── DATA BELOW ──
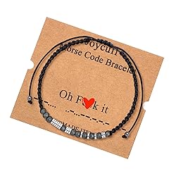 🎁 SECRET MESSAGE READ: Oh F**k it 🎁 UNIQUE GIFTS: Come with a card corresponding to the morse code and messages, secret messages only you two know, the unique words you want to tell he. Using international morse code, the obsidian beads represent ▬, the stainless steel beads represent ● 🎁 EXCELLENT BRACELETS: Made of waxed nylon cord with Obsidian beads and Hematite beads.Hypoallergenic, never turn your wrists green, perfect for sensitive skin. Classy look, substantial but light weight comfortably for daily wear.It's a great gift for you to express your love for your husband in Birthday, Christmas and every big day! 🎁 PERFECT SIZE: Expandable bracelets sizes can be adjusted 6''-12 '' to fit for most of women and men wrists easily 🎁 AFTER SALES SERVICE: Joycuff will provide each customer with the highest standard of customer service and perfect satisfied shopping experience. If you are not completely satisfied with your bracelets, Just contact us, We will save your problem within 24 hours
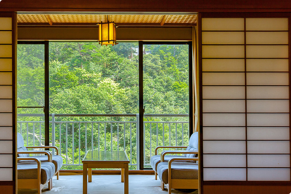 鶴仙渓の山水美には、しっとりとした雰囲気が漂う。芭蕉も愛した柔らかな温泉。街には湯けむりがほのかに薫り、磨かれ続けた伝統の感性が宿る。
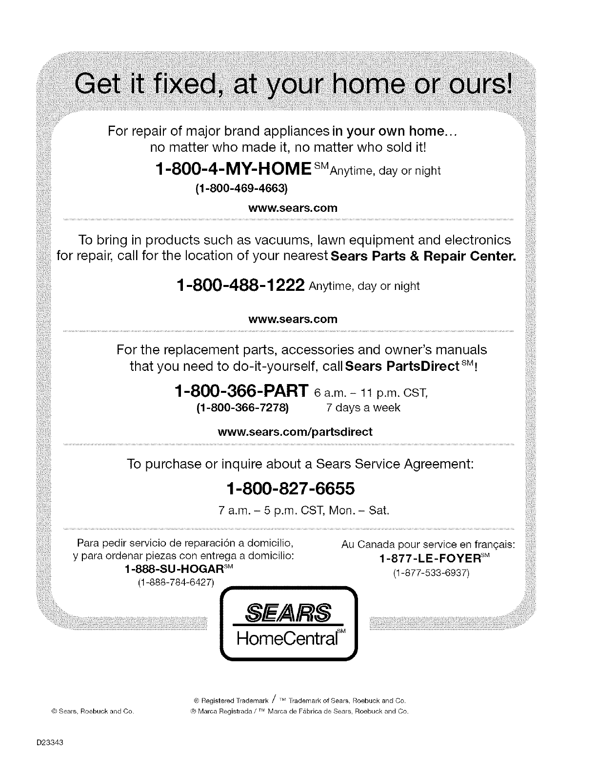 .................................................................. www:sears.com ...............................................................
───
# PROMPT
Would you output the full listing exactly as it stands, minus the images?

# REPLY
 🎁 SECRET MESSAGE READ: Oh F**k it 🎁 UNIQUE GIFTS: Come with a card corresponding to the morse code and messages, secret messages only you two know, the unique words you want to tell he. Using international morse code, the obsidian beads represent ▬, the stainless steel beads represent ● 🎁 EXCELLENT BRACELETS: Made of waxed nylon cord with Obsidian beads and Hematite beads.Hypoallergenic, never turn your wrists green, perfect for sensitive skin. Classy look, substantial but light weight comfortably for daily wear.It's a great gift for you to express your love for your husband in Birthday, Christmas and every big day! 🎁 PERFECT SIZE: Expandable bracelets sizes can be adjusted 6''-12 '' to fit for most of women and men wrists easily 🎁 AFTER SALES SERVICE: Joycuff will provide each customer with the highest standard of customer service and perfect satisfied shopping experience. If you are not completely satisfied with your bracelets, Just contact us, We will save your problem within 24 hours
 鶴仙渓の山水美には、しっとりとした雰囲気が漂う。芭蕉も愛した柔らかな温泉。街には湯けむりがほのかに薫り、磨かれ続けた伝統の感性が宿る。
 .................................................................. www:sears.com ...............................................................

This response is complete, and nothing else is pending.